%%
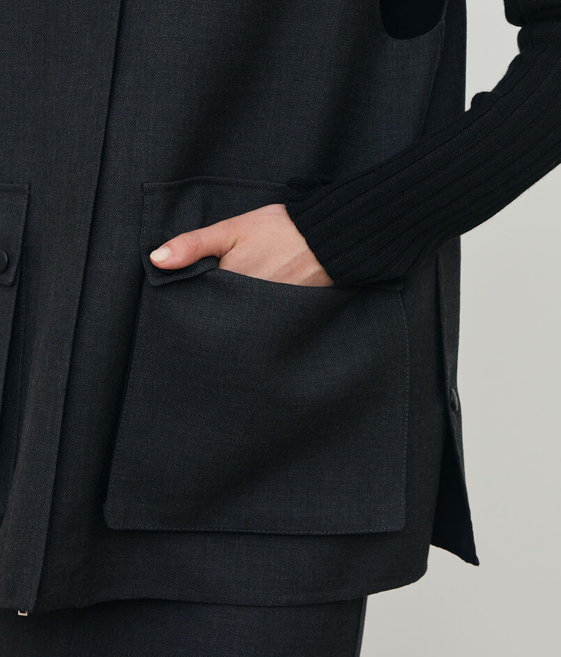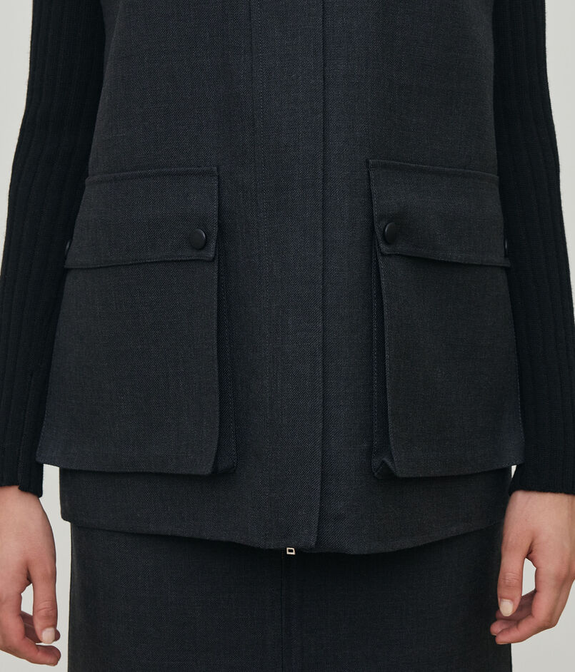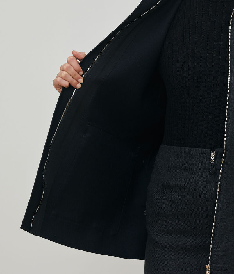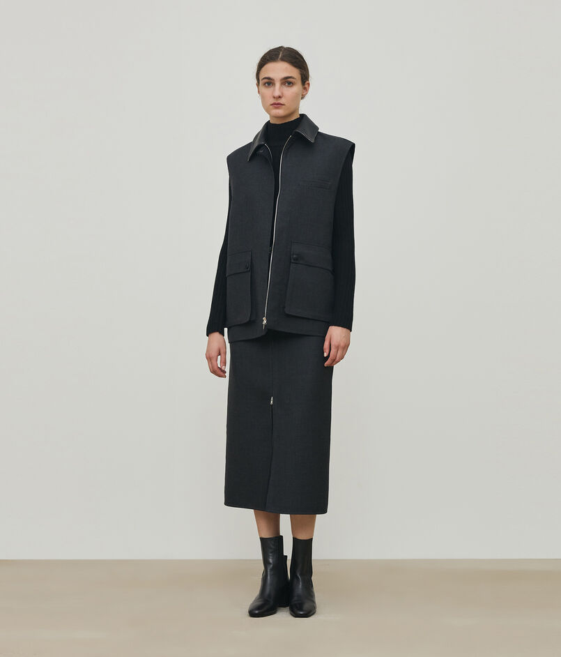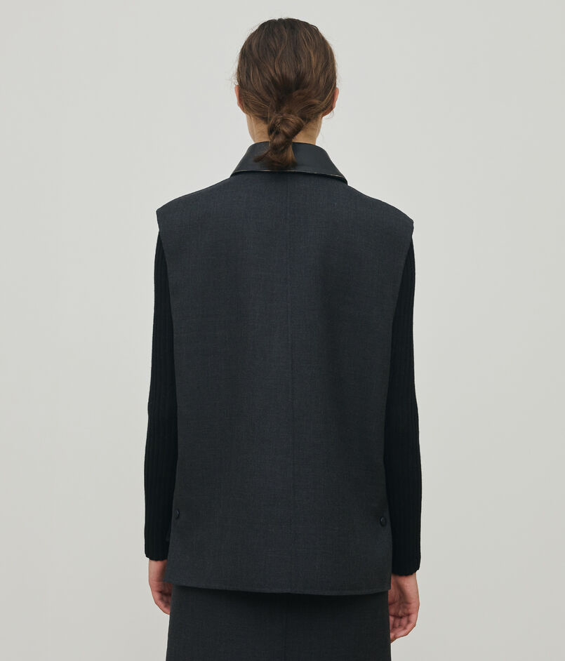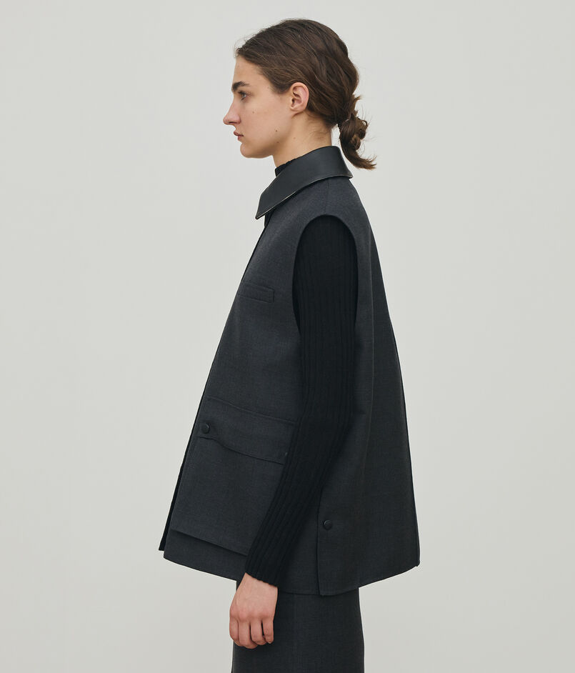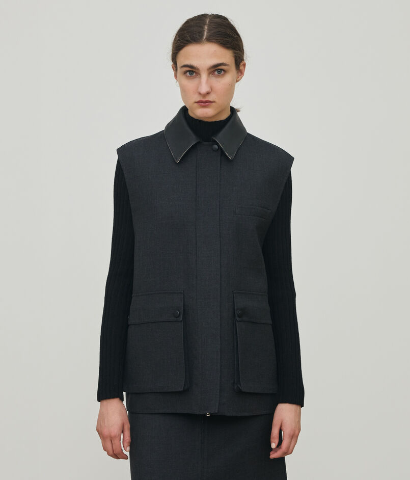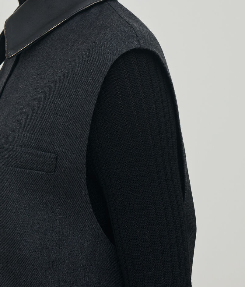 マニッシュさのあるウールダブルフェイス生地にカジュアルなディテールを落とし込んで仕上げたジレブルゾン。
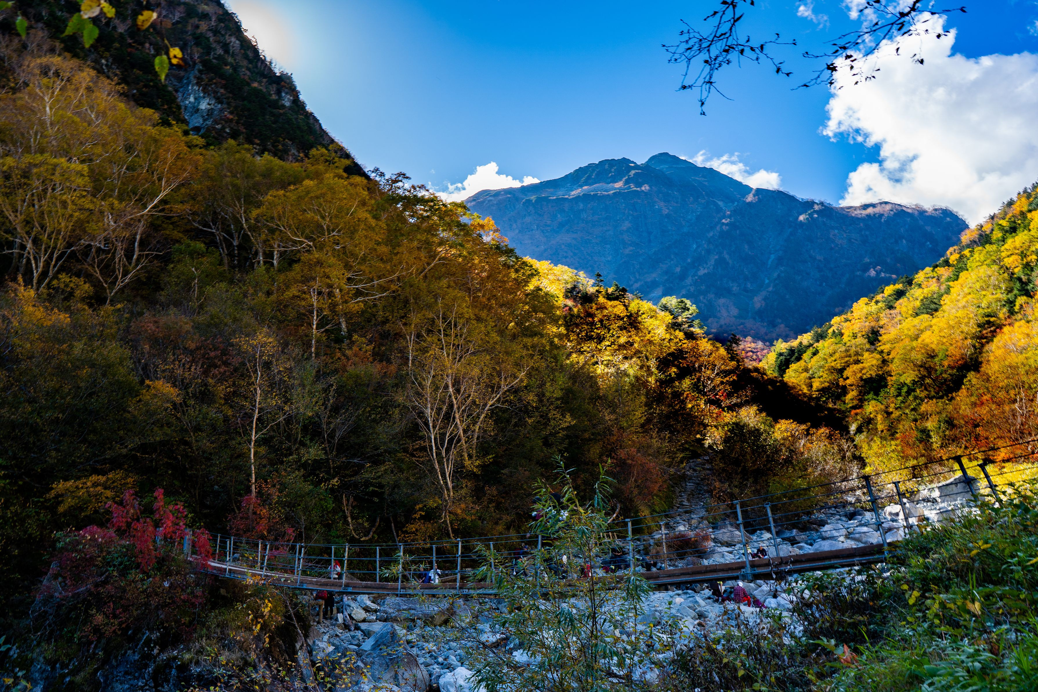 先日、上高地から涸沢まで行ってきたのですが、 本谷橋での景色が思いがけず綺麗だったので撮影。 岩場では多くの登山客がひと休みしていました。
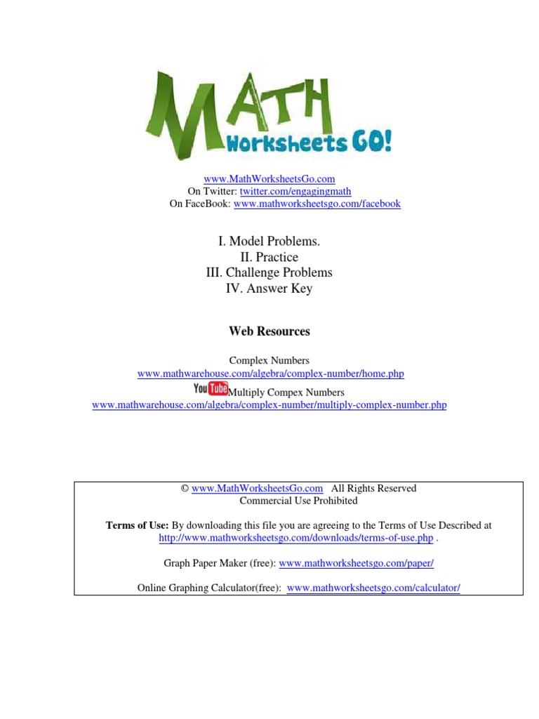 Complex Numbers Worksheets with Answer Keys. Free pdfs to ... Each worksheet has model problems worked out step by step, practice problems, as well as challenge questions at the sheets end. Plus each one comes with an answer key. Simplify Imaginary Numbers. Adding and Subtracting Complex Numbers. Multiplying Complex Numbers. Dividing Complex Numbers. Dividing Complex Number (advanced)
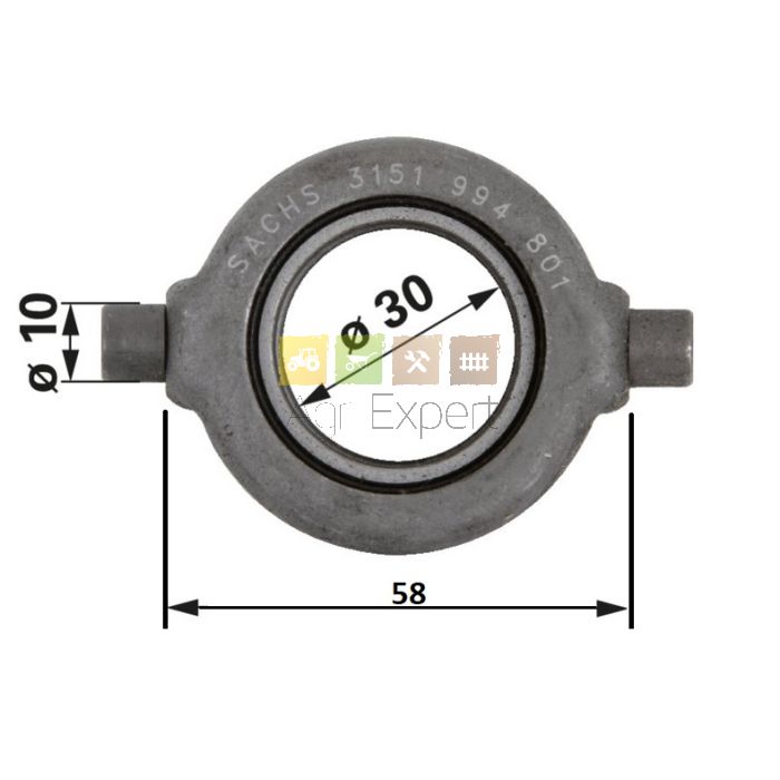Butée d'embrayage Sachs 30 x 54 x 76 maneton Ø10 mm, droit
%%
%%
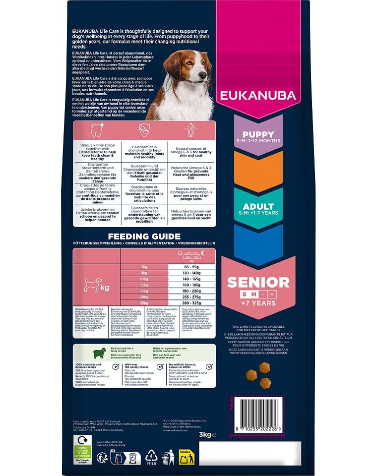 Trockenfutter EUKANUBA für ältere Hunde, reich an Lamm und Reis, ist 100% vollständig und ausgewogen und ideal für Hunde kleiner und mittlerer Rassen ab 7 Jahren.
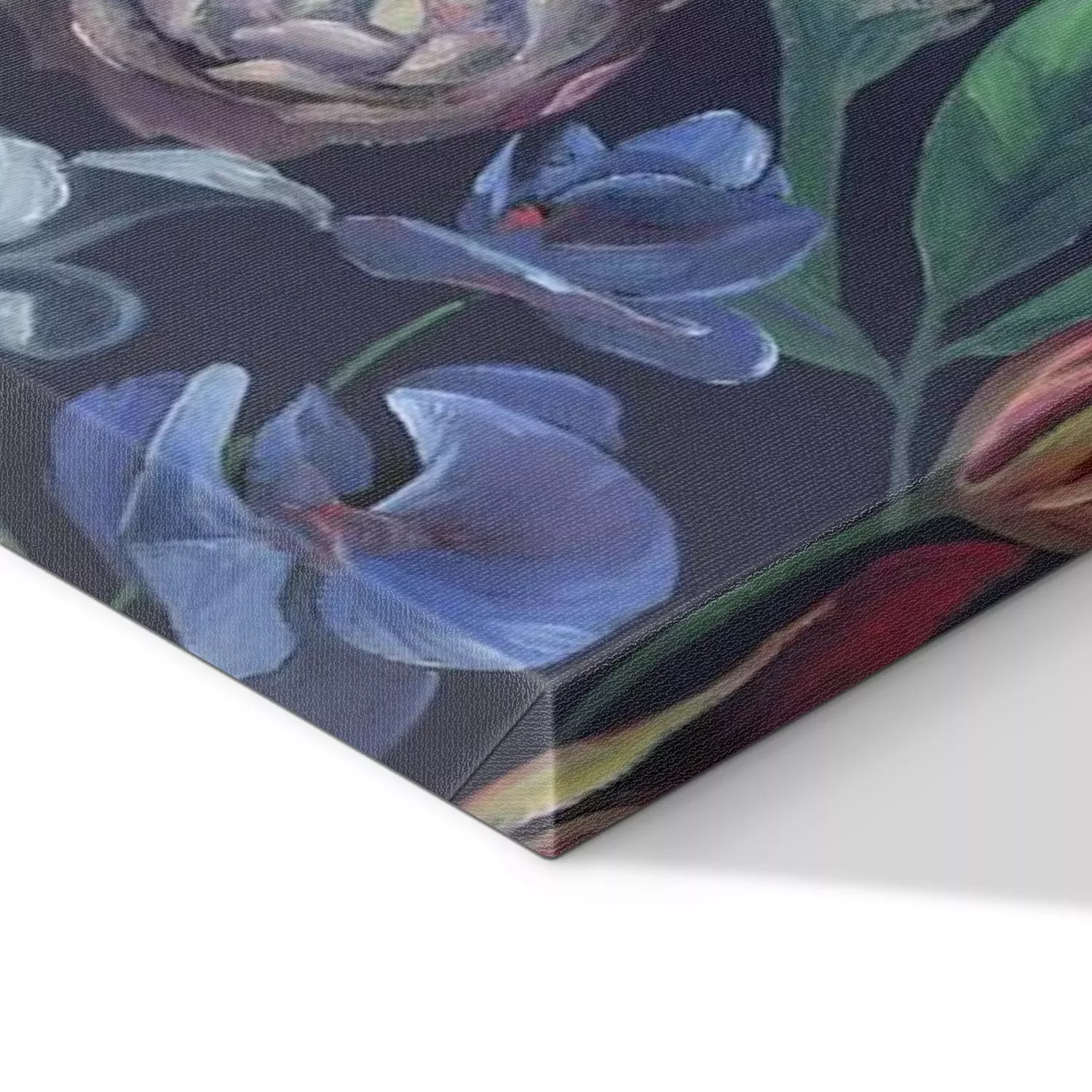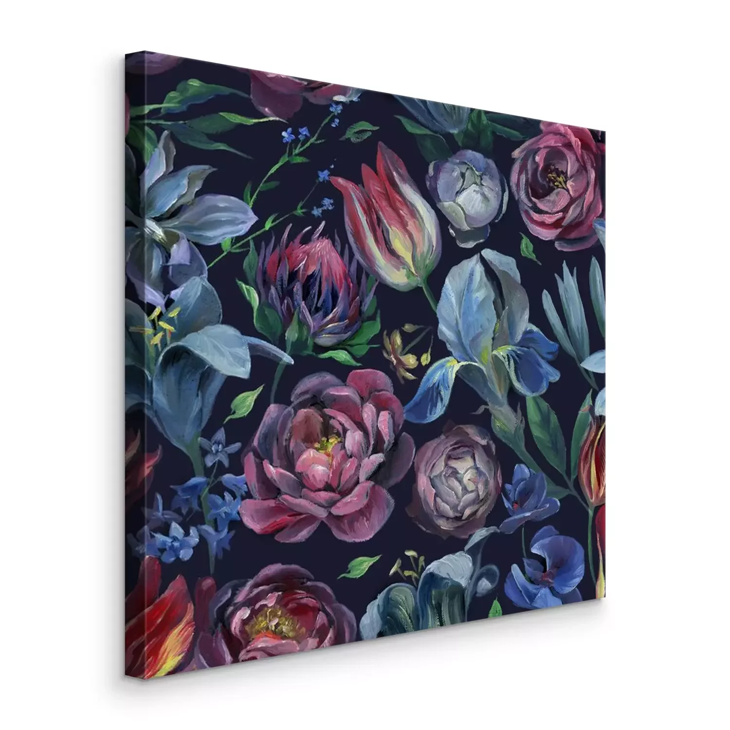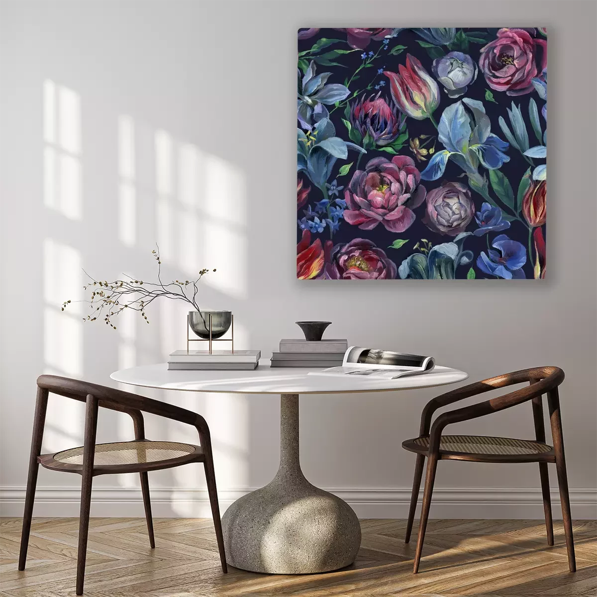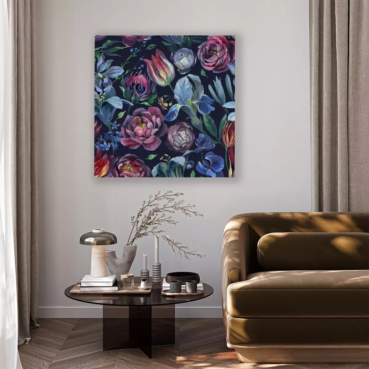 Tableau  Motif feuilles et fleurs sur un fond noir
%%
Repeat exactly the lines above, beginning at the one containing "Trockenfutter EUKANUBA für" and ending at the one containing "un fond noir". Do not carry over any pictures.

- _WRITTEN SOLUTION_
 Trockenfutter EUKANUBA für ältere Hunde, reich an Lamm und Reis, ist 100% vollständig und ausgewogen und ideal für Hunde kleiner und mittlerer Rassen ab 7 Jahren.
 Tableau  Motif feuilles et fleurs sur un fond noir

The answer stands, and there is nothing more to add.